Auch wenn die Argumentation des Betriebsrats etwas schwarz-weiß-artig daherkommt (denn Amazon ist inzwischen nicht nur Liefermaschine, sondern auch Service-Vorbild und als Technologie- und Inhalteproduzent auch Trendsetter): Die von den Augsburgern geäußerten Zweifel an der neuen Weltbild-Strategie sind nicht unbegründet. Nicht nur, weil es dem zweitgrößten deutschen Buchhändler an der Finanzkraft fehlt, um es mit Amazon aufzunehmen. Hinzu kommt, dass sich die immer wieder vorgezeigte Waffe Multichannel im alles entscheidenden Wettbewerb mit Amazon noch nicht als besonders scharf erwiesen hat.
Das Schlimmste, was in Augsburg also passieren könnte, ist, nach tiefen Einschnitten bei der Belegschaft viel Geld in ein Me-too-Konzept zu investieren. Auf absehbare Zeit wird Amazon das beste Warenhaus im Netz sein, mit der größten Auswahl, der leistungsfähigsten Logistik und dem besten Kundenservice.
Dem Universalisten Weltbild (wo es inzwischen neben Medienartikeln auch Haushalts-, Garten-, Technik-, Deko-Artikel und Schmuck gibt) fehlen die Perspektiven. Vielleicht ist die stärkere Fokussierung, die bessere Auswahl dagegen der erste Ansatz für eine zukunftsträchtige Strategie. Amazons Such-Algorithmen mögen zwar besser sein als die der Konkurrenz, das Stöbern funktioniert bei Amazon dennoch nur unzureichend. Dies führt dazu, dass Kunden nur das finden, was sie ohnehin suchen. Der Spezialist Weltbild müsste mehr Orientierung schaffen, eine Vorauswahl treffen, Redaktionelles gegen die Algorithmen setzen, Trendsetter für „Discoverability“ werden. Amazon schlagen würden die Augsburger so freilich auch nicht, Weltbild wäre aber ein Original und kein Plagiat.
Daniel Lenz bringt es auf den Punkt. Die Zukunft kann ja nicht eine weitere Kopie eines Web 1.0 Konzeptes sein. Wer traditionelle Geschäftsmodell im Netz einfach nur abbildet, kann damit auf Sicht nicht gewinnen, denn das tut Amazon ja schon am besten.
Die Zukunft liegt für mich in „flüssigeren“, besser kuratierten und individualisierten Konzepten. Im mobilen Netz sind die Produkte ja nicht im „Laden“ sondern im digitalen Leben. Statt „Multichannel“ gilt eher „Everywhere“ …

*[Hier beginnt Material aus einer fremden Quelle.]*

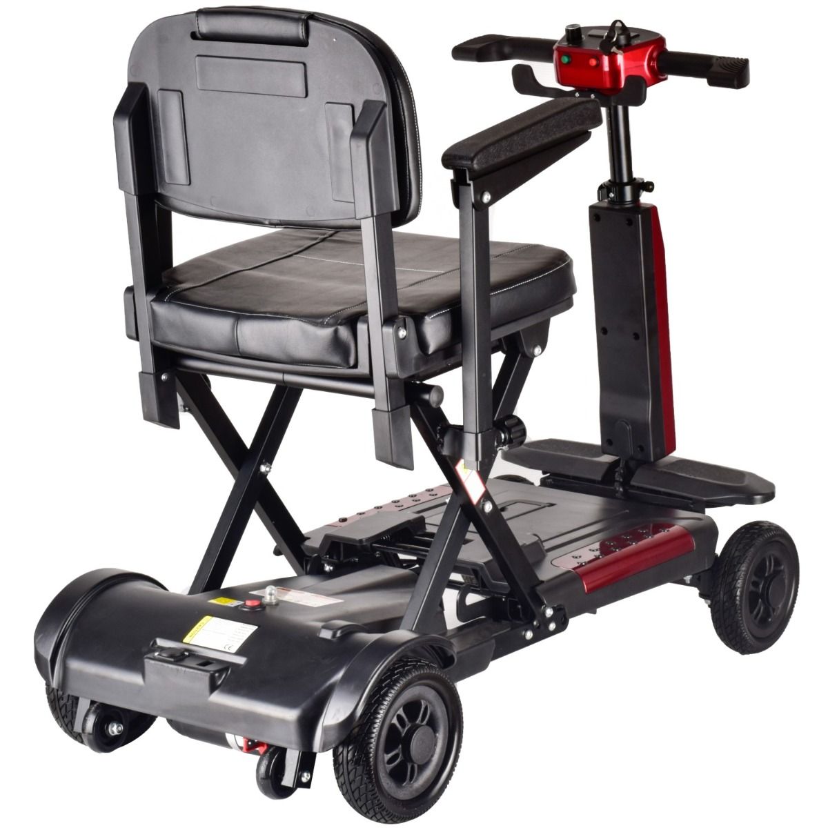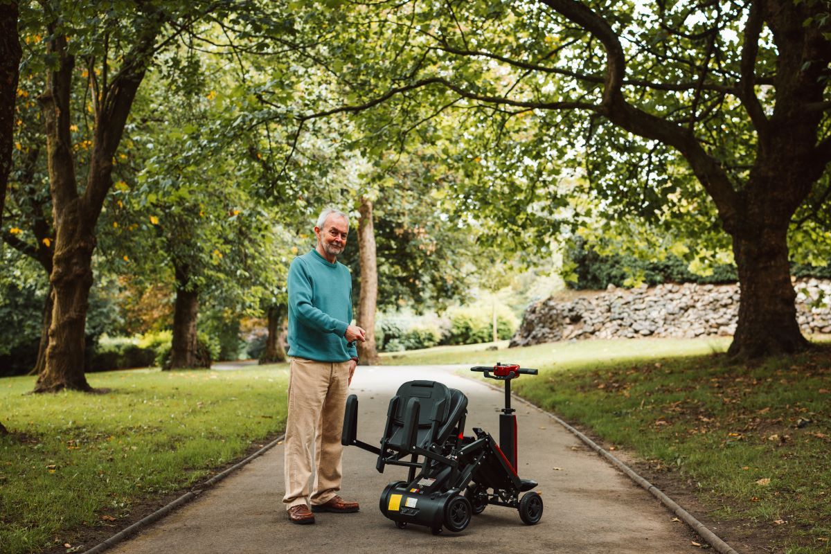 After listening to your requests, we created a lightweight mobility scooter designed to fold effortlessly for easy storage in a car boot. The innovative X5 scooter folds into a compact cube at the push of a button and unfolds just as quickly. We trimmed the weight to 24kg, making it noticeably easier to handle than many alternatives. Its removable battery allows for flexible charging options. Featuring intuitive controls with a single forward and reverse lever that engages brakes when released, the scooter ensures safety and ease of use. It handles slopes up to 12 degrees and includes rear anti-tip wheels. Adjustable handlebars and a 10-15km range per charge complete its expert design.

Unter http://www.augsburgwiki.de/index.php/AugsburgWiki/GeschichteDerVerlagsgruppeWeltbildGmbH kann man nachlesen, welche Voraussetzungen Weltbild hat, ›Orientierung‹ zu schaffen.
Und zu den strategischen Einsichten kann man 2009 nach zahlreichen Entlassungen lesen: »Man will das Sortiment umstellen, so dass weniger Beratung nötig ist. Selbstbedienung soll das Motto sein. Die Zunahme des Internethandels zwinge zur Restrukturierung. Dazu komme die Wirtschaftskrise.«
2000 100 Millionen für ein Logistikzentrum, 2012 noch einmal ›Millionen‹ für ein ›vollautomatisches Kistenlager‹.
Sämtlich offenbar Investitionen in die digitale Zukunft, in der Umbau dann doch so buchstabiert wird A B B A U, weil man scheinbar keine Zeit fand, digitale Zukunft aufzubauen.